No puedo remediarlo y
mas y mas te quiero
Y estando convencida
de tu sincero amor
Aún no he conseguido
sabiéndome tu dueña
Poder hallar la calma
para mi corazón.
Para el filólogo y crítico literario Luis H. Antezana,
las interpretaciones de Gladys Moreno “diseñan mundos, despiertan tensiones,
recuerdan caricias, cometen errores, arman tradiciones, despiertan horizontes”,
que sin ese valor agregado, “su canto podría nomás perderse en el cúmulo de
los que cantan… sin cantar, sin permanecer en la memoria y discernimiento
colectivos”. Es el sello que impone a su versión de Ojos negros, la polca de A. Pinker
y J.R. Moreno Kreider.
Nunca tuve yo un
querer,
como el que siento por
ti.
Sólo sé mi dulce amor,
que los ojos que yo
vi,
me enloquecen sin
piedad.
Ojos negros que al
mirar,
me despiertan la
pasión
y me dan felicidad.
Siempre vida te
amaré,
con todo mi corazón.
Cada día más te
querré,
por tus ojos de carbón
embrujada me quedé.
La artista no tenía géneros favoritos, aunque parecía
sentirse más cómoda con los boleros, los valses y las polcas por las
posibilidades dramáticas de su poesía, pero similar talento desplegaba en la
interpretación de un taquirari, como en Quise
darte, de Roger Becerra y Ambrosio García, en el que la alegría del ritmo
no le impide transmitir el dolor de la ruptura amorosa.
Truncó la vida mis sueños
de realizar la ambición de tener,
tu amor vigente y risueño,
con su ternura de beso y de ayer.
Se fue la estrella escondida,
que yo llevaba en mi fuego interior.
Quedó tan solo la herida en el rubor de mi loca ilusión.
Ahora el amor se acabó,
y sin querer te perdí, llevando adentro el penar,
de lo que fuiste y no fui.
La cantante solía recordar su niñez en la hacienda
Patujú, propiedad de su tío Germán Moreno Suárez, ubicada en la campiña de
Montero, cuya belleza natural influyó decisivamente en la formación de su
personalidad infantil, dotándola de una sensibilidad que le permitiría, años
después, transmitir lo que un diario cruceño describió como “el extraño embrujo
de la tierra amada” y la “cálida y lujuriante belleza oriental”.

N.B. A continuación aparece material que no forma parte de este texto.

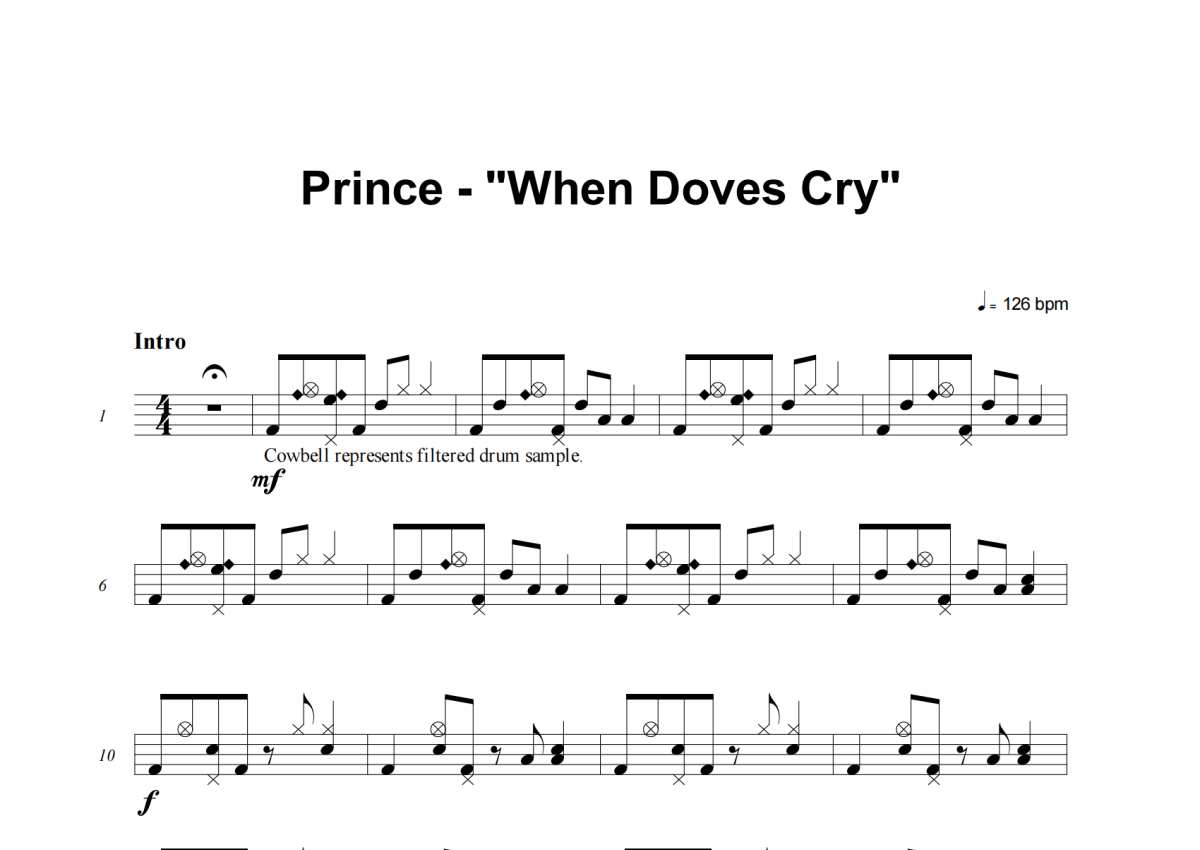 《When Doves Cry》是Prince演唱的一首歌曲,这份架子鼓谱共有六张高清图谱,图谱由 @积极处世 编配上传,图谱使用五线谱编配,使用这份When Doves Cry架子鼓谱,你将能够轻松地敲打出这首Prince的When Doves Cry,快来尝试吧。

Ambiente y sentimiento que ella reflejaba en cada una de
sus interpretaciones folklóricas, como en los taquiraris Lunita camba, Alborada, El trasnochador, Sombrero de Sao y El
carretero, los valses Alma
Cruceña y Misterios del Corazón,
los carnavalitos Viva Santa Cruz y Soledad, o la cueca Sed de Amor, ritmos y letras en los que
impuso su impronta personal, un estilo con sabor a buri, banda y tamborita,
apoyada por el acompañamiento de los tríos Los Cruceños y Los Cambitas.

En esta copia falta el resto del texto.